▸ **Exercise instructions**: Print, without alteration, the lines that extend from the one holding "ورافقت طاقم الطائرة،" to the final line of the listing below.

▸ **Given data**:
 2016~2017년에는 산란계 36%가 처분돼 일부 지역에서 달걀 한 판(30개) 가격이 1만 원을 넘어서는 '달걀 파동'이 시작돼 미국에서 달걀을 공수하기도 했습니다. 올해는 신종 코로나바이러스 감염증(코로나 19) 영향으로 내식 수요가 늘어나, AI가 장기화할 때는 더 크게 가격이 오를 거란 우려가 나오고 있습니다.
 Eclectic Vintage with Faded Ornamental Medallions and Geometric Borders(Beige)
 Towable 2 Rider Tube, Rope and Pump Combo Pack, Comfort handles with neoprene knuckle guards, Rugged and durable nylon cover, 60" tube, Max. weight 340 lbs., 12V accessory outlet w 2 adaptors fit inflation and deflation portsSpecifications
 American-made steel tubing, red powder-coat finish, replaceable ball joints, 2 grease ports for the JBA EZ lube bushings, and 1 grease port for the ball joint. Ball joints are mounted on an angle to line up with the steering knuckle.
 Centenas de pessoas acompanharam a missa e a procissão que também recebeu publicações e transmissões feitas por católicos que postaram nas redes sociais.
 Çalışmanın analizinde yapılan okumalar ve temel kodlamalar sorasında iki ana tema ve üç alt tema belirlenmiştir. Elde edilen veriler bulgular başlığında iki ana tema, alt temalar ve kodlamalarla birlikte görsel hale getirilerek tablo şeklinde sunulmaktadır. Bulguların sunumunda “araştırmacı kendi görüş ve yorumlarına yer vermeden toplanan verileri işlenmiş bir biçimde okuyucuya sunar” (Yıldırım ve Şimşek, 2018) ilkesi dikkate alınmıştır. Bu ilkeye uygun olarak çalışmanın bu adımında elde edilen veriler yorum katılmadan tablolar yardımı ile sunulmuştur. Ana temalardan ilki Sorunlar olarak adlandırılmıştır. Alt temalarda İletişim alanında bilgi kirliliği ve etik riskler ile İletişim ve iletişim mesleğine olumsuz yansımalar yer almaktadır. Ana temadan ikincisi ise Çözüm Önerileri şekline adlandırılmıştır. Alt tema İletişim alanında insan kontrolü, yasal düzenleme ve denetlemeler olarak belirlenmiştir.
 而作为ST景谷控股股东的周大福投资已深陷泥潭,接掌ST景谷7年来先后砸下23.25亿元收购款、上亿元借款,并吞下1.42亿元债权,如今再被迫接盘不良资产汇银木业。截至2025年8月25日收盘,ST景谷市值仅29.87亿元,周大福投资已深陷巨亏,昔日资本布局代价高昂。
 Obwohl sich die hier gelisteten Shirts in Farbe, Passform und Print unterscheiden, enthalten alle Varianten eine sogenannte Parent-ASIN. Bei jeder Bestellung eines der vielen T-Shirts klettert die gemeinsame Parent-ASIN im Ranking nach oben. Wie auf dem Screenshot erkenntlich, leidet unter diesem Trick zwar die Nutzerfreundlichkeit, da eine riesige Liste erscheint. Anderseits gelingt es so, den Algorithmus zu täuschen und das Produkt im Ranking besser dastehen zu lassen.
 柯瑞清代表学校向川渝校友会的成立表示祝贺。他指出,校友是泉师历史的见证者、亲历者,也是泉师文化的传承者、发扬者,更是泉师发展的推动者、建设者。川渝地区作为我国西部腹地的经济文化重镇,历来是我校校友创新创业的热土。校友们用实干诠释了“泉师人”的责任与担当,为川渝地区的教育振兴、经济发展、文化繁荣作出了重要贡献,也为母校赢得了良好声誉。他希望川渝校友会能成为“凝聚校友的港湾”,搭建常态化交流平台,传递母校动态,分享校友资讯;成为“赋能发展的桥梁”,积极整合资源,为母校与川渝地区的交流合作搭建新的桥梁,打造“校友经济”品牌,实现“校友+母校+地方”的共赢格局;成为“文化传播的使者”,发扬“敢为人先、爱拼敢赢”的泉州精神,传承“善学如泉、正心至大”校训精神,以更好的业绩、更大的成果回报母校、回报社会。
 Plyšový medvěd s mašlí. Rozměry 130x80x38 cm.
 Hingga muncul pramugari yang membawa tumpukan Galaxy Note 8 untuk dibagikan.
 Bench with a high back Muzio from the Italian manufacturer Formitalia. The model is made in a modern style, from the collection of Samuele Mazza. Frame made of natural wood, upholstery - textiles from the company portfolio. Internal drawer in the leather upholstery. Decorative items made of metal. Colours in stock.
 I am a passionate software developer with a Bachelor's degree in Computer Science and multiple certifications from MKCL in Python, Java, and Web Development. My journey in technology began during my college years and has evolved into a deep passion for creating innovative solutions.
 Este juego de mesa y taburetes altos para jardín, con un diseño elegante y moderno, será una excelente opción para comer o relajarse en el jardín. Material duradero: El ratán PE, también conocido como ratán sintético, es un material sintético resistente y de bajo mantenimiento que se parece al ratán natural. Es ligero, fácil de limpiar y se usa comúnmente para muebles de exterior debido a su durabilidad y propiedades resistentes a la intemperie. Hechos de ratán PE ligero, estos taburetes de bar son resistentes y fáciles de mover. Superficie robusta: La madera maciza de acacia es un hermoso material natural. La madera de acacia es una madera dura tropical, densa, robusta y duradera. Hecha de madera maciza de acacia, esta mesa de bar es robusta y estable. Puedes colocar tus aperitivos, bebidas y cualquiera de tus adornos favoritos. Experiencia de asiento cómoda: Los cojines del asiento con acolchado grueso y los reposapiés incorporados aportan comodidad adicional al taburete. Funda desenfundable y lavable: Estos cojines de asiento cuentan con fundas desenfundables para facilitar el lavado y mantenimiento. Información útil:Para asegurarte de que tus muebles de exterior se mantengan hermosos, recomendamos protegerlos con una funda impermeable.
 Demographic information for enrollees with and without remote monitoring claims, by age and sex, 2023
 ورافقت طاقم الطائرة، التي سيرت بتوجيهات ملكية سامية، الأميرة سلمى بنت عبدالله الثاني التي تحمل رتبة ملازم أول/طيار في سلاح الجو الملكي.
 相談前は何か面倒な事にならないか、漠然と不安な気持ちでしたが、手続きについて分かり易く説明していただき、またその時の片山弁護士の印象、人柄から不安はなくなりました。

▸ **Exercise answer**:
 ورافقت طاقم الطائرة، التي سيرت بتوجيهات ملكية سامية، الأميرة سلمى بنت عبدالله الثاني التي تحمل رتبة ملازم أول/طيار في سلاح الجو الملكي.
 相談前は何か面倒な事にならないか、漠然と不安な気持ちでしたが、手続きについて分かり易く説明していただき、またその時の片山弁護士の印象、人柄から不安はなくなりました。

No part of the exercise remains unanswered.